Copy only what lies from the line containing "Elegant Bröllopsjubileum Partyinbjudan, gjord" through the line containing "Grayson Lane 1" in the entries below, keeping both end lines exact and dropping every picture.

Excerpts from a dataset:
------------------------------------------------

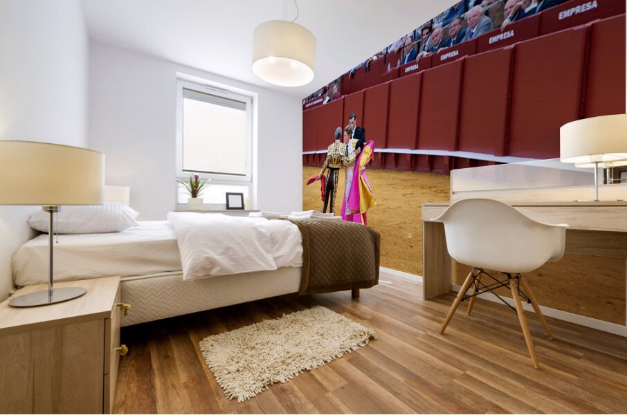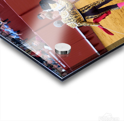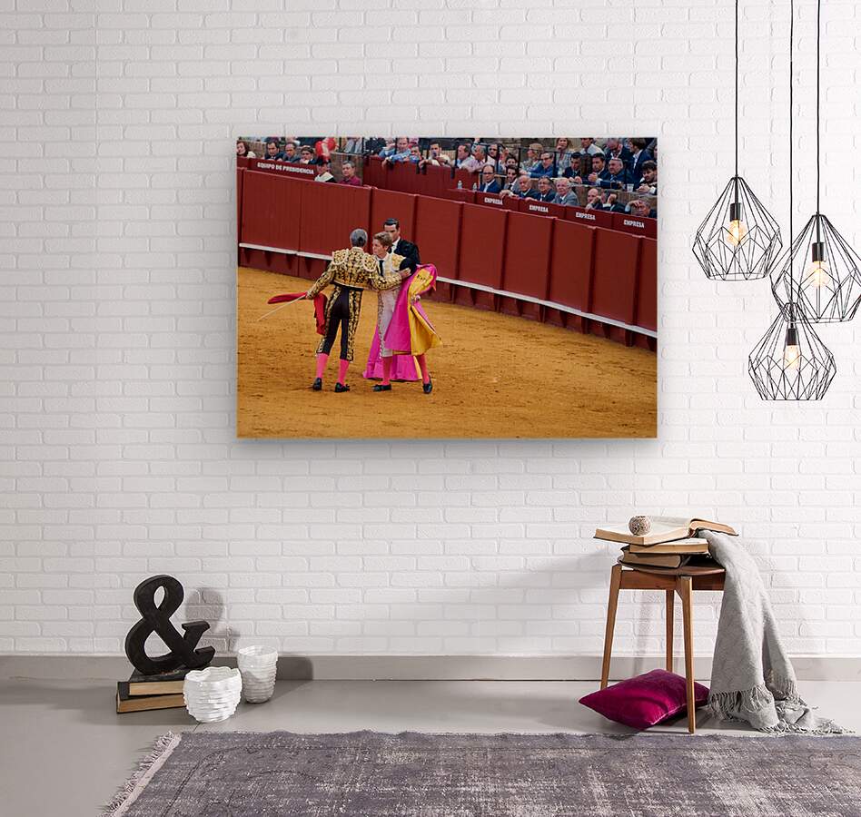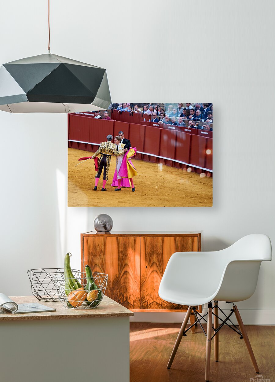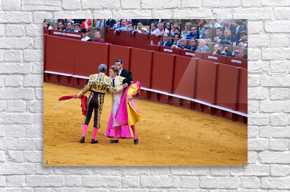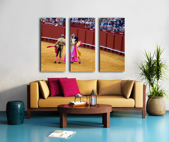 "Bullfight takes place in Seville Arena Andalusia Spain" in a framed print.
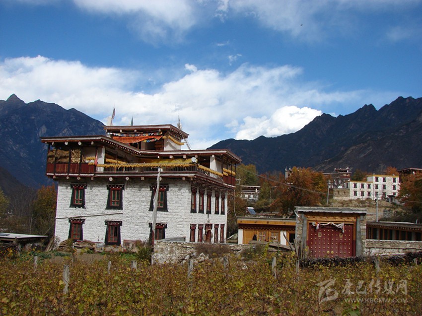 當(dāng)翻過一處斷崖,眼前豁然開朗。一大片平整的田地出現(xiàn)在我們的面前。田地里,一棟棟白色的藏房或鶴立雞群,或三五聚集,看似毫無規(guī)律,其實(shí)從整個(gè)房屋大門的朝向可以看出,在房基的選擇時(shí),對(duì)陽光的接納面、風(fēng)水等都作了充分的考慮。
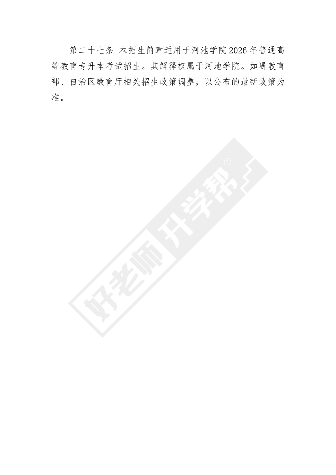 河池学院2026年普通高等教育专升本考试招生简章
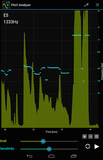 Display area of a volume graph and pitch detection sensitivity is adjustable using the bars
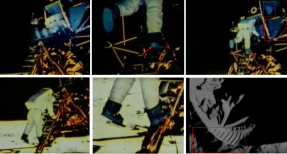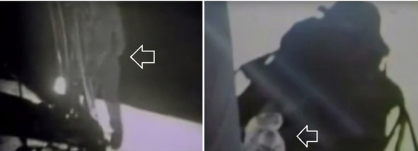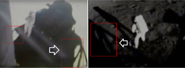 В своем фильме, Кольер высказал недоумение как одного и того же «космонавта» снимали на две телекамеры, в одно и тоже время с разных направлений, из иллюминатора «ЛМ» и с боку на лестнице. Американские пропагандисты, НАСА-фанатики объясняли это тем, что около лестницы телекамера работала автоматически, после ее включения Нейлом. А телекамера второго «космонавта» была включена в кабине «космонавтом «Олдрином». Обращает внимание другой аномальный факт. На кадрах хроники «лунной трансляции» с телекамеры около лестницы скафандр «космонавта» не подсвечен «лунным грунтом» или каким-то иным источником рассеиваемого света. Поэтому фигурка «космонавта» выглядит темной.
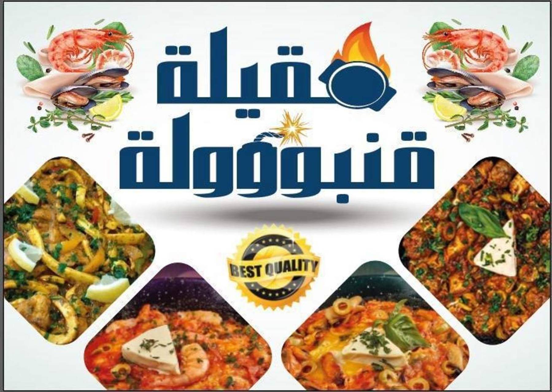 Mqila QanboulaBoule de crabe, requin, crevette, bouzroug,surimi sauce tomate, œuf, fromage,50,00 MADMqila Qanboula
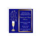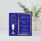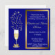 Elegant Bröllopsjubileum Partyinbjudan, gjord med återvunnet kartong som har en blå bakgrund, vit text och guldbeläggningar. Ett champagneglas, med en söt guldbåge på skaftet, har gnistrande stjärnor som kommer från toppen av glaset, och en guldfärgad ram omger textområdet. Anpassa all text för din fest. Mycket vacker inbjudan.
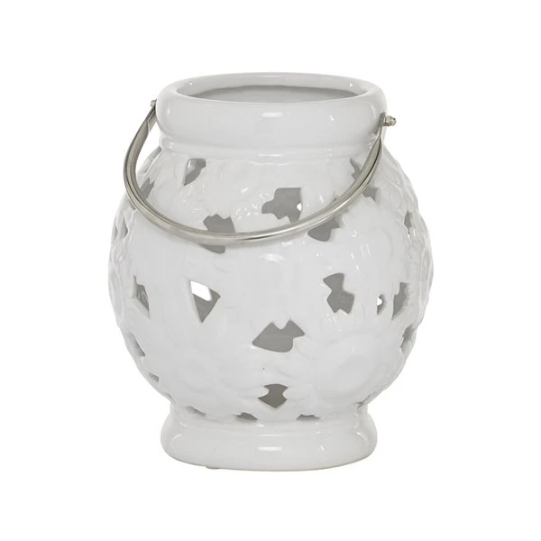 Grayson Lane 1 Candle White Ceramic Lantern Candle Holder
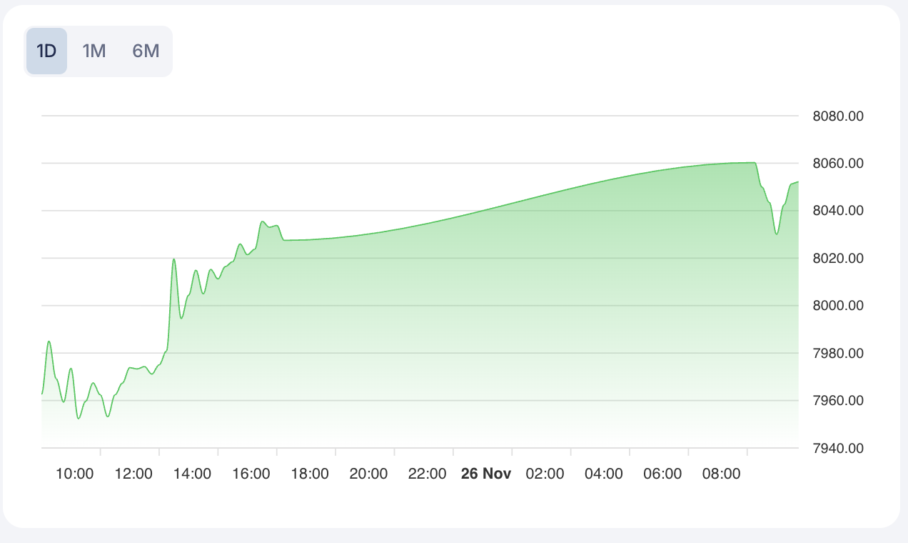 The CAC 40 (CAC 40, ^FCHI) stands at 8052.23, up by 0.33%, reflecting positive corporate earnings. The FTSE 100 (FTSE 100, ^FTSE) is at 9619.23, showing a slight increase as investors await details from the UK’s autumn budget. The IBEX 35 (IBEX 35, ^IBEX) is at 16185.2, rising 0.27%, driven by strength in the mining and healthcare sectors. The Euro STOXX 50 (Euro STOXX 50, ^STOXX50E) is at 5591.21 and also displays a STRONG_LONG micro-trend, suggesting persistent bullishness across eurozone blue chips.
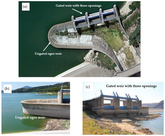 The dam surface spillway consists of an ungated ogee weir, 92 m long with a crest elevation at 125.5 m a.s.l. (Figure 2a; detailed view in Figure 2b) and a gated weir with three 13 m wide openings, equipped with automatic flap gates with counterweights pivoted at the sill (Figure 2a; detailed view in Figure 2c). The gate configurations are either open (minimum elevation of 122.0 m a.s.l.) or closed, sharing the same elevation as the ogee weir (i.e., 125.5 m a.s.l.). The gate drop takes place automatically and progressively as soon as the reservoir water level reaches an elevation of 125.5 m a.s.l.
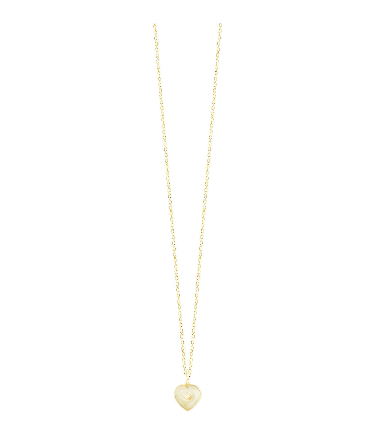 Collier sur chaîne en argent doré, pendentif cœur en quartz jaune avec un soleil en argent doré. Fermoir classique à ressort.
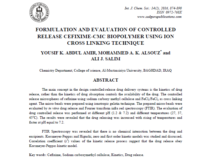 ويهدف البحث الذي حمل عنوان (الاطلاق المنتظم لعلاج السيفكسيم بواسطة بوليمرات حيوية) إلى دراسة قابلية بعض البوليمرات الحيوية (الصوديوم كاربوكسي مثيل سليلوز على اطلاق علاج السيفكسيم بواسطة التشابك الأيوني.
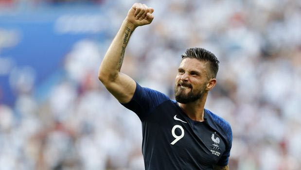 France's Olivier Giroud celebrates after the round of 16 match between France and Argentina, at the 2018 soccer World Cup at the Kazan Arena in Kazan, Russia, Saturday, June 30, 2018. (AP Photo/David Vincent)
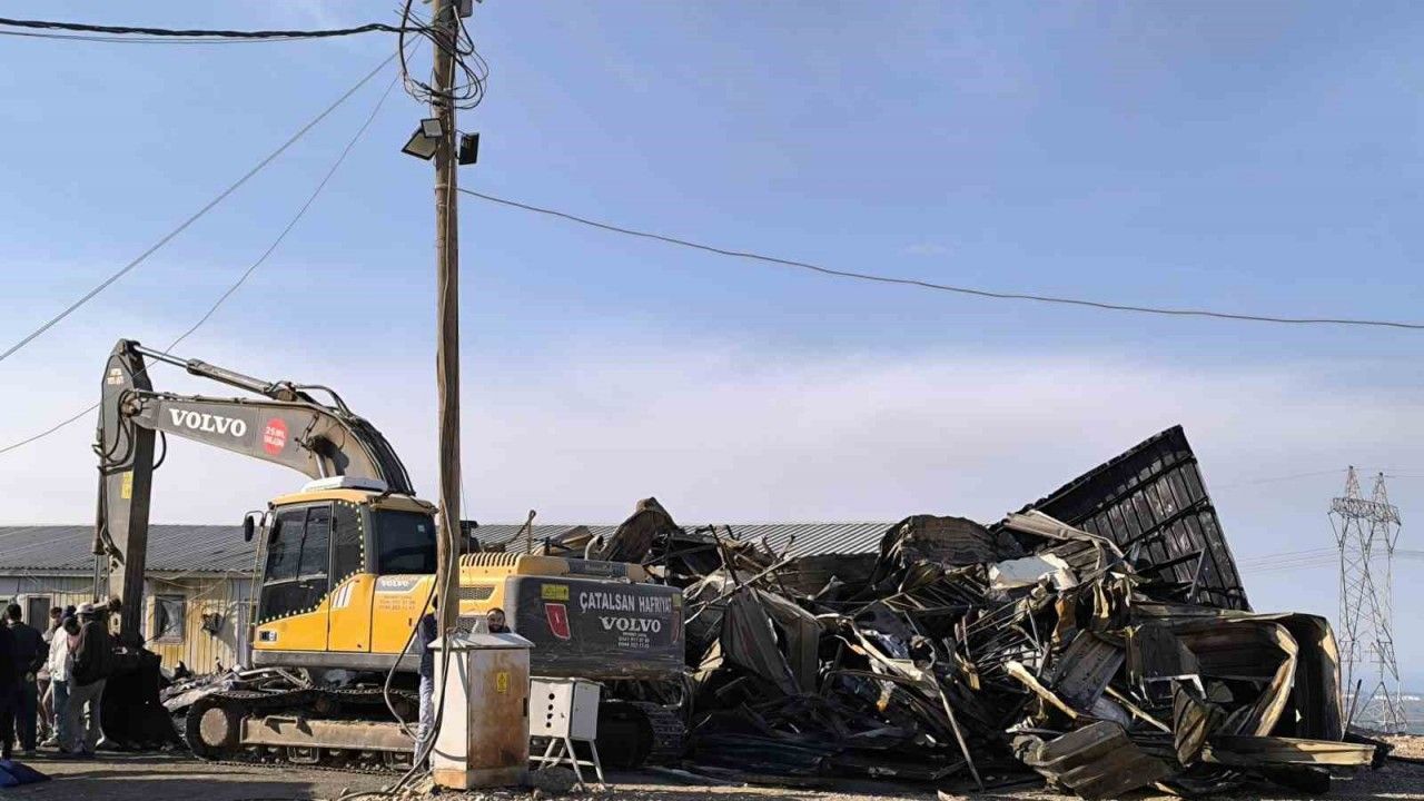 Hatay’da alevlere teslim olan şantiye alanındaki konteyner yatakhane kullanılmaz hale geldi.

------------------------------------------------

■ Solved exercise:
 Elegant Bröllopsjubileum Partyinbjudan, gjord med återvunnet kartong som har en blå bakgrund, vit text och guldbeläggningar. Ett champagneglas, med en söt guldbåge på skaftet, har gnistrande stjärnor som kommer från toppen av glaset, och en guldfärgad ram omger textområdet. Anpassa all text för din fest. Mycket vacker inbjudan.
 Grayson Lane 1 Candle White Ceramic Lantern Candle Holder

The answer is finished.